Energy Transfer (ET) continues to push for its Warrior natural gas pipeline out of the Permian Basin, even though a competing project reached final investment decision (FID) first.
Backers of the Blackcomb Pipeline, a proposed 365-mile pipeline to move natural gas from the Permian Basin to the Augua Dulce area in South Texas, announced FID on July 31.
During ET’s second-quarter earnings call on Aug. 8, co-CEO Mackie McCrea said the company was still going full speed on the development of Warrior.
“We've had some questions, both internally but mainly externally, about what does the announcement going to Agua Dulce do to Warrior?” McCrea said. “I’ll just summarize that—zero.”
For one thing, Warrior will service a different part of the Permian.
Analysts predicted the Blackcomb announcement would hinder the development of other major natural gas pipeline projects out of the Permian. Blackcomb is designed with a capacity of 2.5 Bcf/d to handle the rising levels of natural gas production predicted for the area by 2026—when Blackcomb is expected to begin service.
The Warrior Pipeline is designed to connect 1.5 Bcf/d to 2 Bcf/d of natural gas to ET’s interconnects southwest of Fort Worth in northern Texas. The different delivery location means Warrior remains viable, McCrea said.
“The vast majority of the customers that we've already signed up, and that we're pressing to sign up over the next 60 to 90 days, have no desire for either their gas to be in South Texas or in the markets that are supporting this project,” McCrea said. “So by no means is that slowing us down.”
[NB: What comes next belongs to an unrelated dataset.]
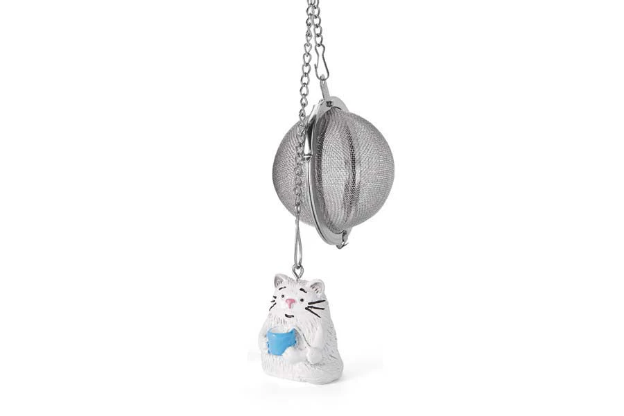Get comfy and snuggle up with the fluffy cat tea ball! This stainless steel 2-cup tea ball and chain is perfect for cozy tea drinkers and cat lovers alike.

There is a “tremendous market” for natural gas in East Texas and in the states beyond, he said. The CEO also cited growing demand for natural gas powergen needed to keep pace with data center growth.
On the supply side, ET believes the ongoing development of the Permian will be enough to support the Warrior as well as the Blackcomb in the years to come.
“I'll be disappointed—though certainly I’m not implying that we're almost FID—but I'll be disappointed if we're not announcing FID by our next earnings call,” McCrea said.
NGL strength
While natural gas market growth remains in the future, ET reported that 2024 has so far been strong for its NGL business. In the first half of 2024, the company spent about $1 billion in organic growth capital on its NGL, refined products and midstream segments. For all of 2024, the company raised its growth capex expectations from $2.9 billion to $3.1 billion, primarily for the same three segments.
In the second quarter, adjusted EBITDA in the NGL and refined products segments was $1.07 billion, compared to $837 million for the same period in 2023. ET reported record traffic on its NGL lines, as well as record NGL exports.
The company expects to see growing supplies of NGLs from its $3 billion acquisition of the Permian’s WTG Midstream Holdings, which closed in July.
“It's really going to feed into our residue business, our downstream residue business, as well as our Lone Star NGL transport and fractionation business,” McCrea said. “We’re still getting our arms around it.”
The Gulf Coast Lone Star NGL Express transports products from the Permian to ET’s Mont Belvieu and fractionation and storage facilities.
Overall for the second quarter, the company reported a net income of $1.31 billion and adjusted EBITDA of $3.76 billion. During the same period in 2023, adjusted EBITDA was $3.12 billion.